In 2023, researchers introduced Direct Preference Optimization (DPO). DPO bypasses the reward model entirely. It mathematically proves that you can optimize the LLM policy directly using a dataset of paired choices: a prompt, a preferred (chosen) response, and a disliked (rejected) response. DPO adjusts the weights so that the probability of the chosen response increases relative to the rejected response, creating a much simpler, faster, and more stable alignment loop.

Key Concept: Kaplan vs. Chinchilla Scaling Laws

How do we make models smarter? For a long time, the industry followed Kaplan's scaling laws (2020), which suggested that parameter size was the single most important factor—urging engineers to build larger models, even if they couldn't afford to train them on more data.

In 2022, DeepMind published the Chinchilla scaling laws. They proved that for optimal performance, parameter count and training data (tokens) should scale in equal proportion. Most models were actually under-trained on too little data. This shifted the industry toward training smaller, highly efficient models (like LLaMA or Mistral) for much longer on high-quality tokens, making them far cheaper to run on standard hardware.

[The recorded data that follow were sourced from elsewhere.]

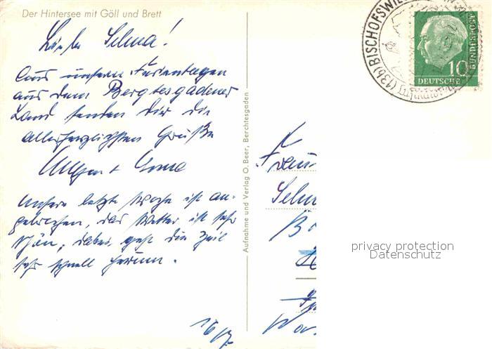 72743130 alte Postkarte Bischofswiesen Hintersee mit Goell und Brett Berchtesgadener Alpen postalisch gelaufen Erhaltung siehe scans [FriedD77] KatCode: 11110009172117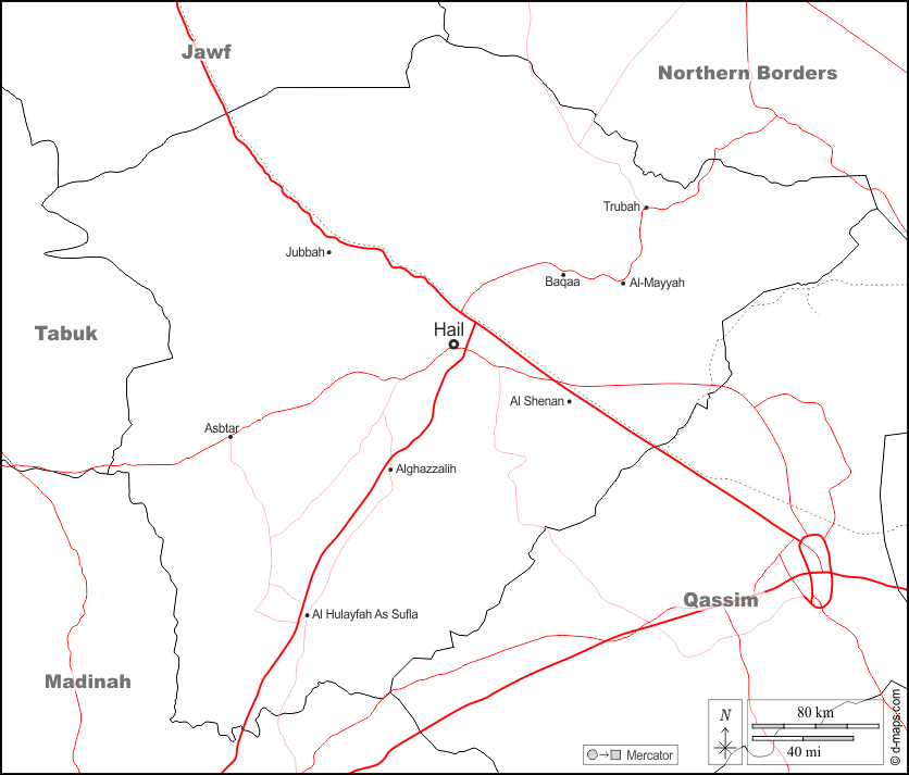 d-maps > Asia > Saudi Arabia > Hail Province > boundaries, main cities, roads, names, white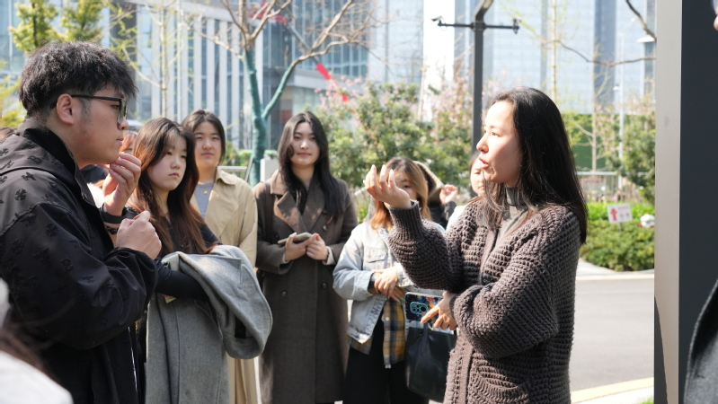 在专业讲解员的引导下,参访师生首先走进园区核心区域,依次参观办公空间、文化展示区、公益项目展区及共享办公社区。讲解员围绕企业发展历程、业务布局、建筑设计理念与创新实践进行细致讲解,让大家直观感受互联网企业开放协同、创新驱动的发展氛围,深刻理解数字经济时代企业的创新逻辑与发展路径。

Choosing the Right Adaptation Method

Most product teams do not train foundation models from scratch. They choose among smaller adaptation levers:

Prompting: Best for behavior that can be described in instructions and examples.
RAG: Best when the answer depends on changing, private, or auditable knowledge.
Fine-tuning: Best when the model needs a consistent style, format, domain vocabulary, or task habit that is hard to teach in every prompt.
Preference tuning: Best when several answers are plausible but the product has a clear preference for one kind of response.
Guardrails and evals: Necessary when mistakes are expensive, no matter which training method is used.

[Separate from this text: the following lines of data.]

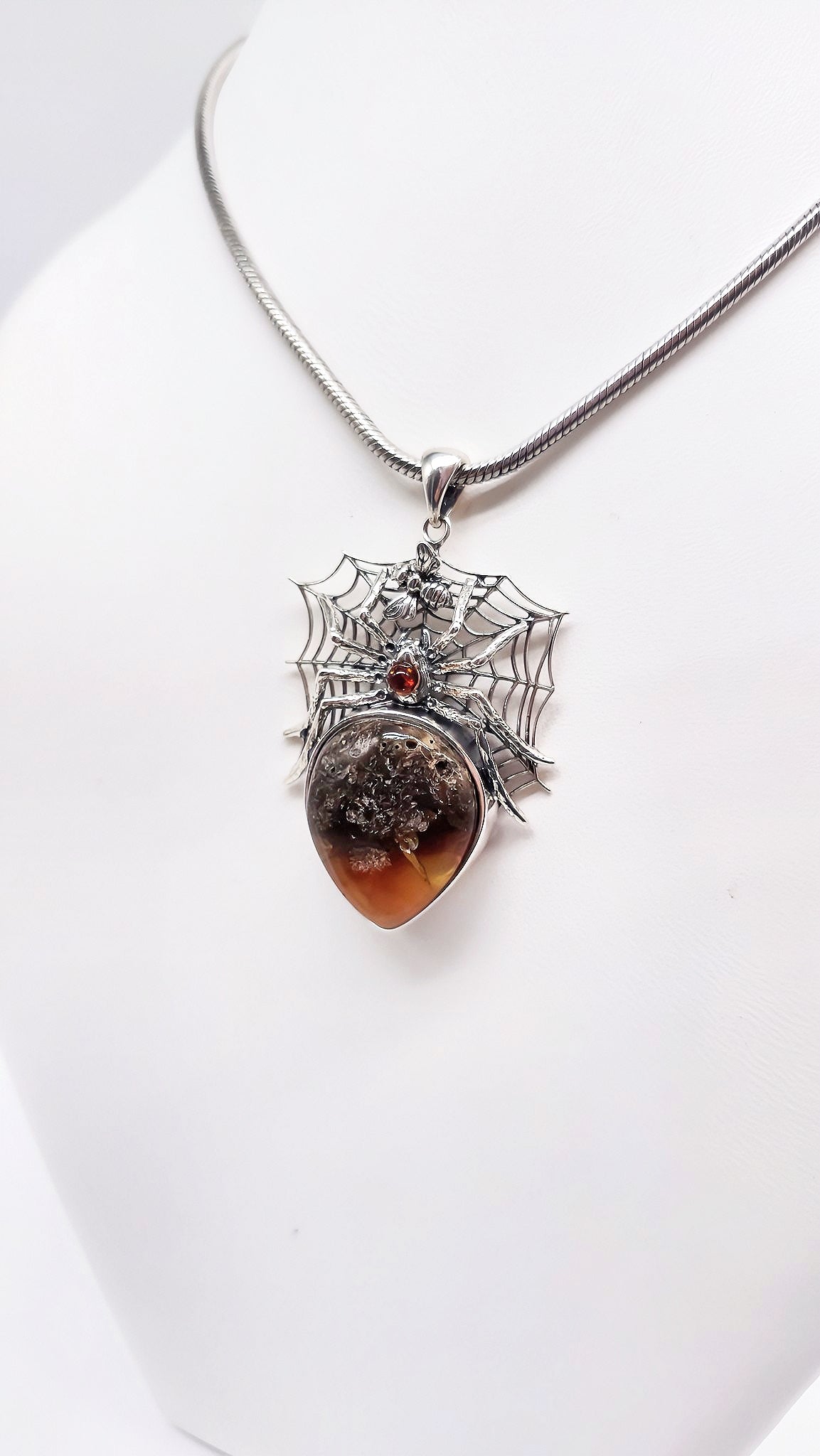 Detailreicher Spinnenanhänger mit echtem Bernstein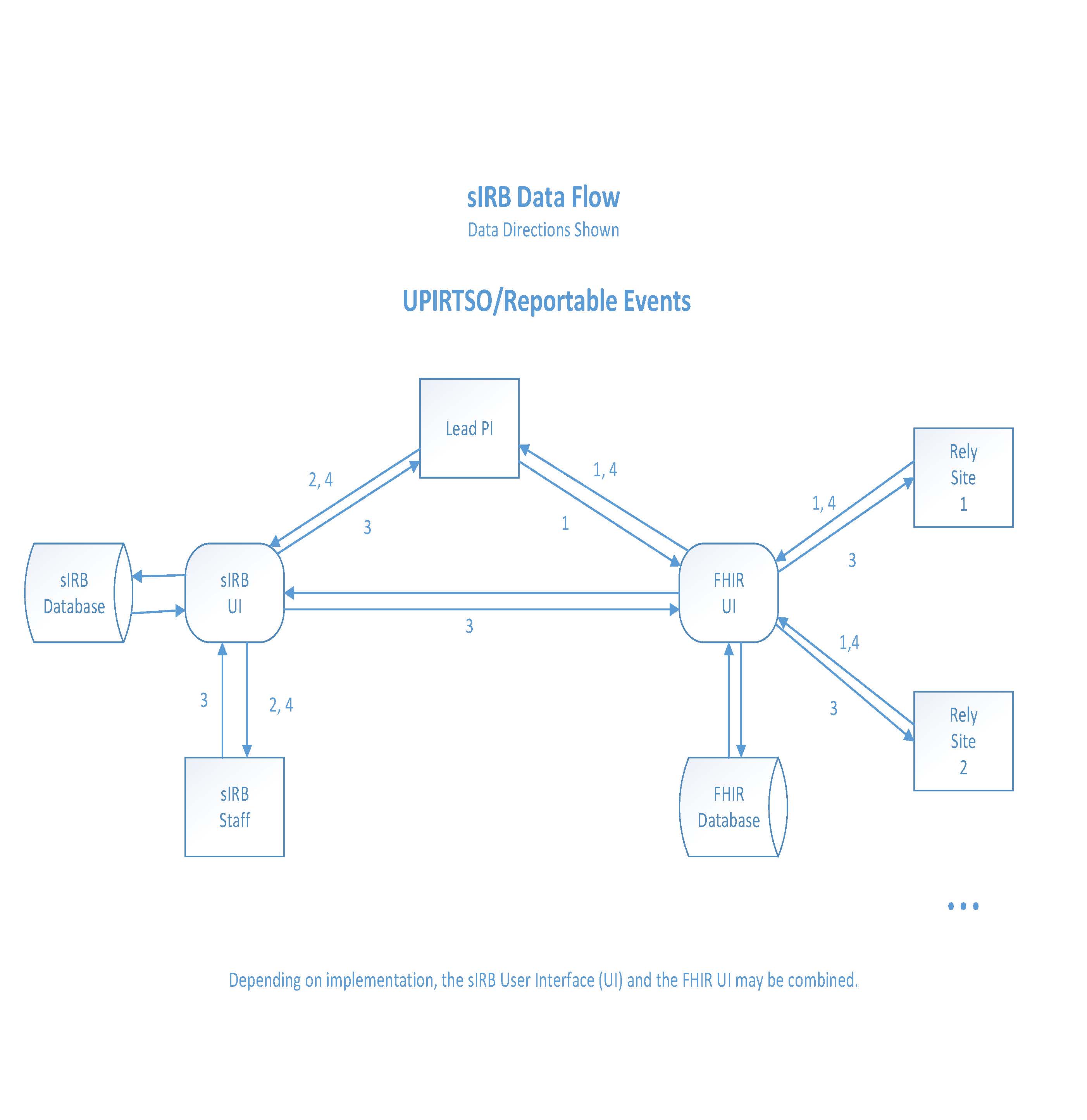 - If the Lead PI or a Relying Site experiences an event (safety or protocol violation), they send, via FHIR, the necessary information or documentation (as outlined by the sIRB) to the Lead PI.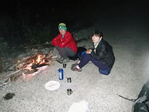 薪拾って焚火に火を付ける、炎が安定すると身体も暖まり心も和む。

A useful rule: do not fine-tune just to add facts. Facts change and should usually live in retrieval, tools, or databases. Fine-tune when you want the model to behave differently even when the same facts are already present.

Sources

Scaling Laws for Neural Language Models — Kaplan et al.
Training Compute-Optimal Large Language Models — Hoffmann et al.
Training Language Models to Follow Instructions with Human Feedback — Ouyang et al.
Direct Preference Optimization — Rafailov et al.